技術を磨くのは必要なことですが、それだけでは十分ではありません。

 

それでもエンジニアが魅力的だと思うのは、
こうしためちゃくちゃ高い理想を、色んな仲間と力を合わせれば、
具現化できる可能性を持っていることです。

そして、毎日の業務で得た知識や考え方、周囲のエンジニアから受けた気づき等を、
自分のスキル、腕として身につけることも自分次第で可能だということです。

確かにコンサルタントのような職業は経営に貢献しているように見えてカッコいいのですが、
やっぱり自分で切り開いていない感はとても強く感じるでしょう。

エンジニアは自分の理想をデジタル空間上に設計して施工することができます。
自分の手を動かして自由に何かを作ることのできるスキルというのはクールだと思いませんか?

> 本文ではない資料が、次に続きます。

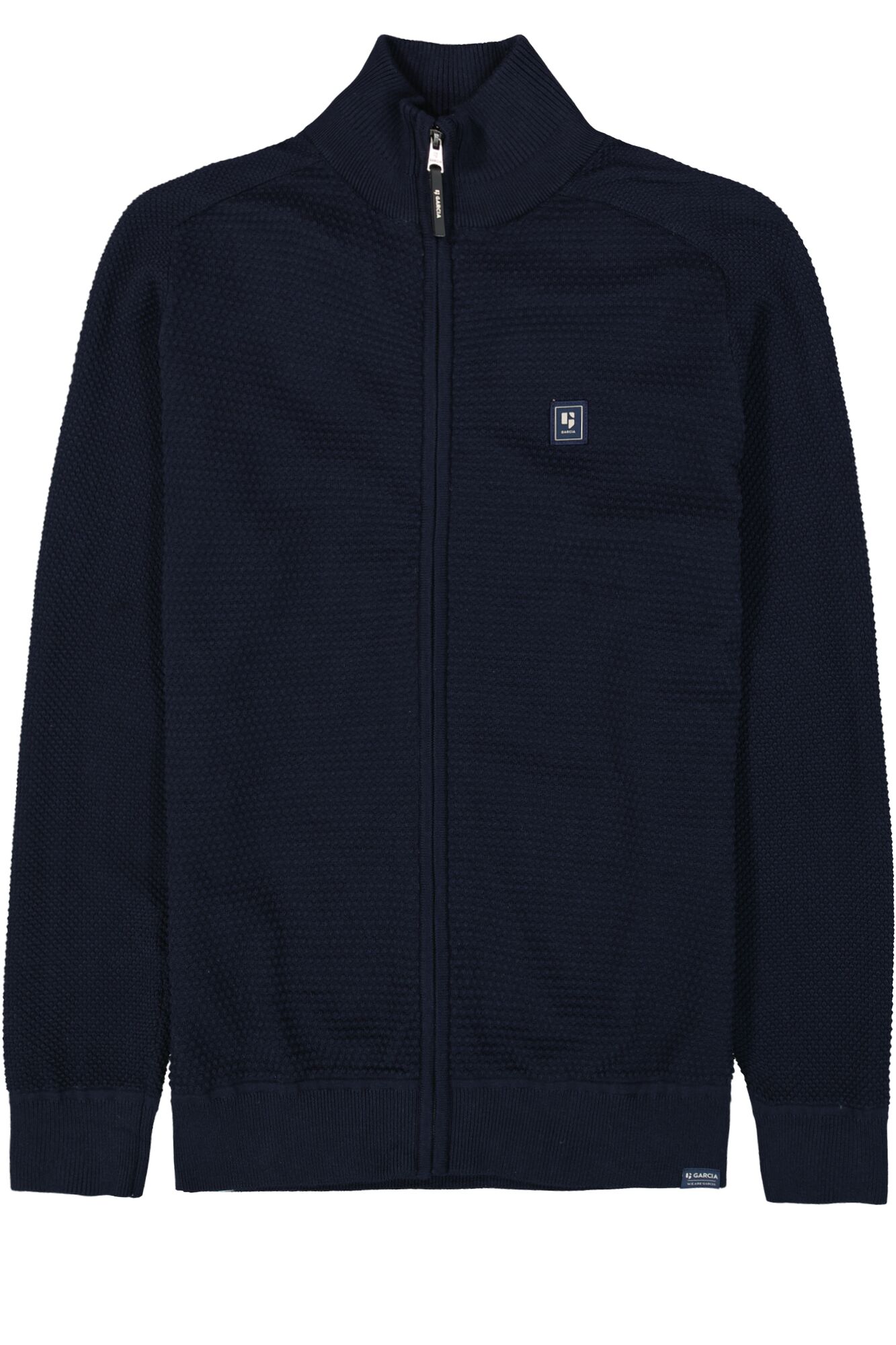 A regular fit, long-sleeved jacket featuring zip closure, stand up collar & the Garcia logo.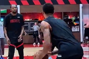 这就是硬解能力!火箭训练:KD&小贾撞墙式配合 前者干拔中投打进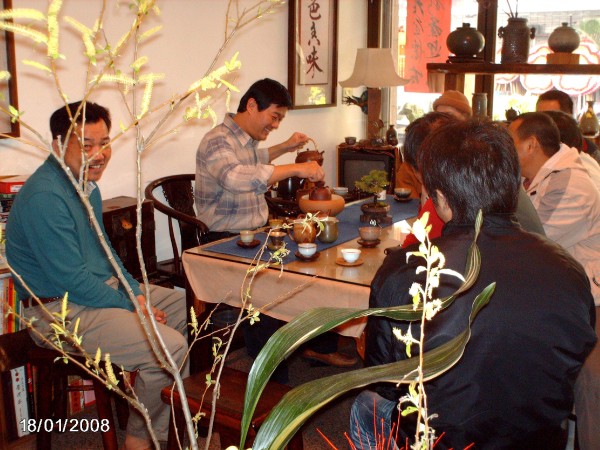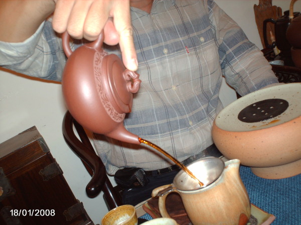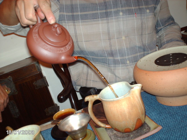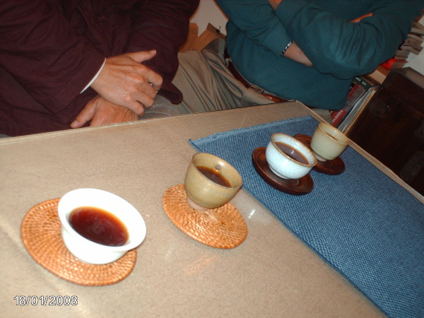 得---老韻與茶氣;在飛來石茶壺裡的紅印陳年普洱茶就好像一位80歲溫文儒雅的老人家,同時有著20來歲氣力活躍............,1月18日下午用飛來石紫碧壺與日月壺來侍候紅印普洱茶,有12位愛好普洱茶的朋友參加相片容後再上........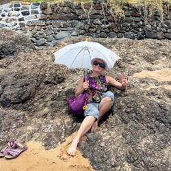 Dagje in Eden. Niet veel te doen. Alles was open voor de boot. Naar een rockpool gewandeld, daar heb ik gezwommen. We zijn langs het strand gelopen. En weer terug. Verder uit de baai zagen we wel eenLeer más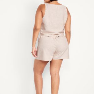 High-Waisted Faux-Wrap Linen-Blend Mini Skort: faux-wrap front, elastic back waist, built-in shorts, #766917
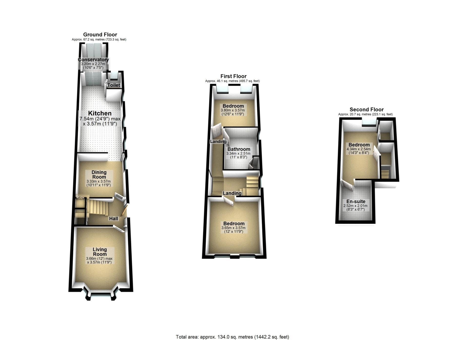 On the first floor are two large double bedrooms and a spacious family bathroom with separate bath and shower. The second floor features a further double bedroom with en-suite.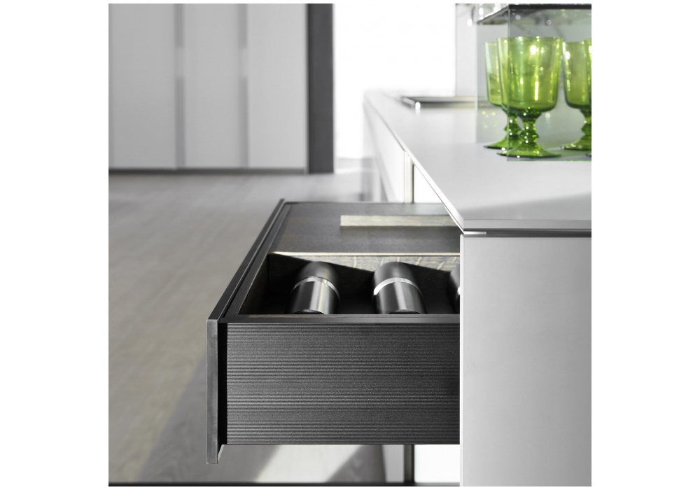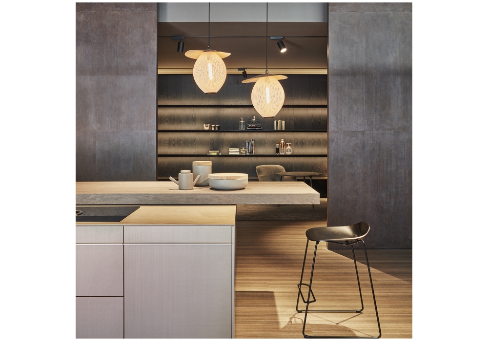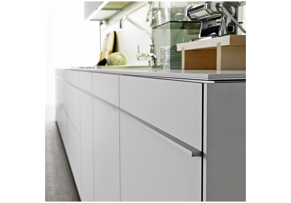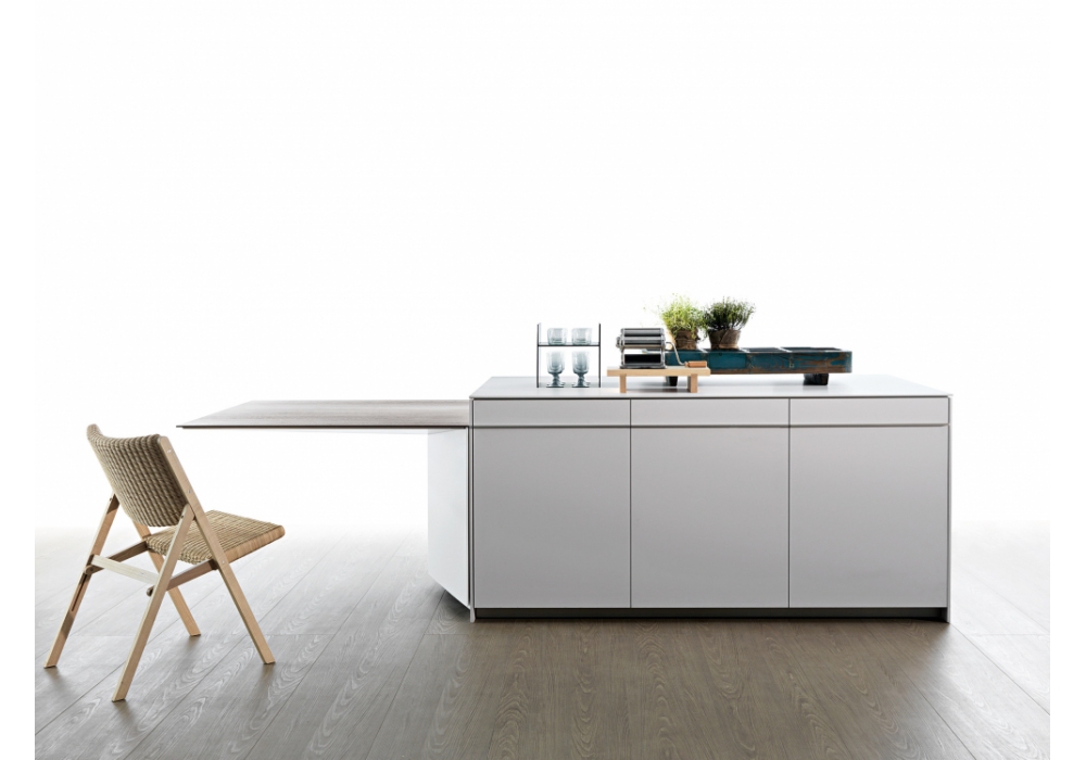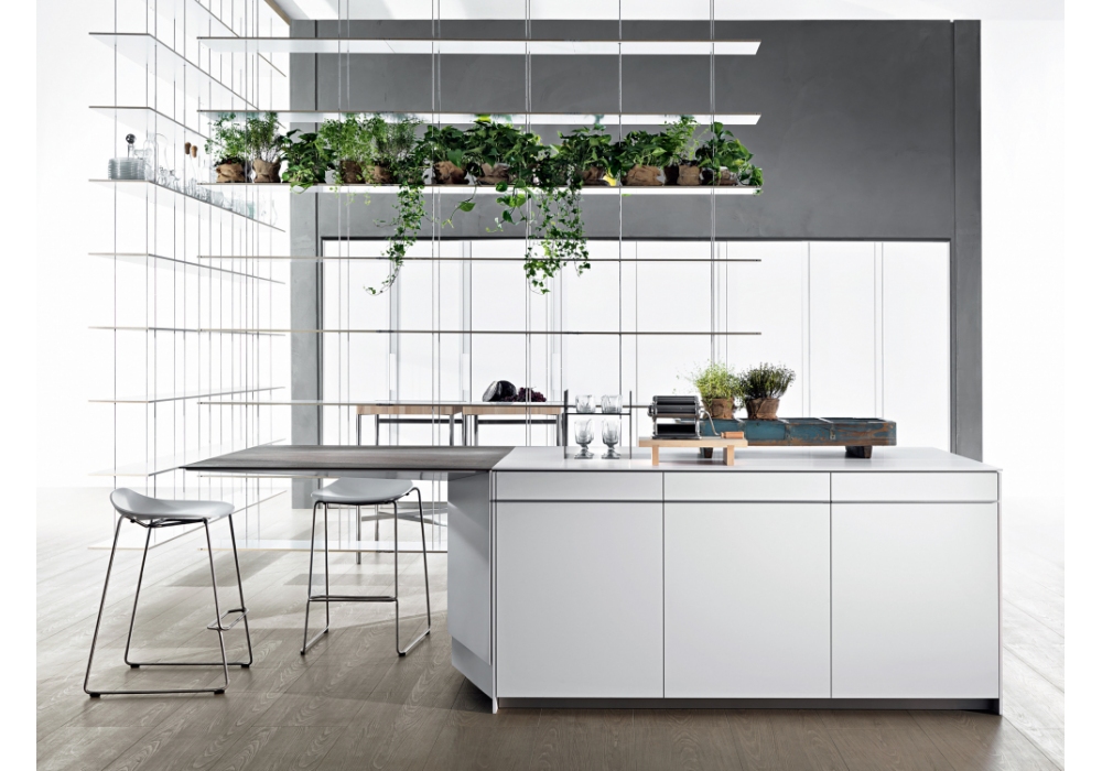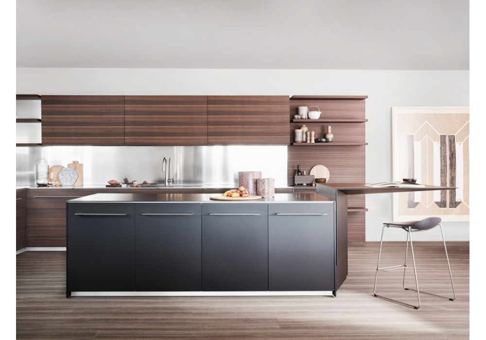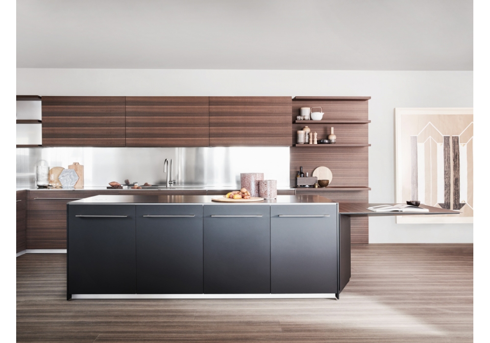 Vela designed by Dante Bonuccelli for Molteni&C is a kitchen with a classic design. The construction technique evolves and stratifies different materials, compensating for tensions and designing new proportions and distinctive technical details, such as the new hinged opening mechanism that allows a particular rotation of the door. Overlapping of fine lines characterize the tops, which hide the processing technology.

私はコードを書くのはあまり好きではないということに気づいてしまいましたが、
コンピューターは大好きなのでまた別の分野で役に立ちたいと思っています。

ITにもクラウドやネットワーク、データベースなど色々なエンジニアがいます。
今の職場はイケてないかもしれませんが、自分の成果は自分のものです。
Githubやオープンソースコミュニティにコミットしてみてください。
(業務上のコードは基本依頼者に権利があるので公開したらダメですよ)

そこまでしなくても初心者の頃悩んでいたことをまとめるだけでもとても価値があります。
どうせやるなら自分の興味のあるところで仕事の幅を意識的に広げてみるのはおすすめです。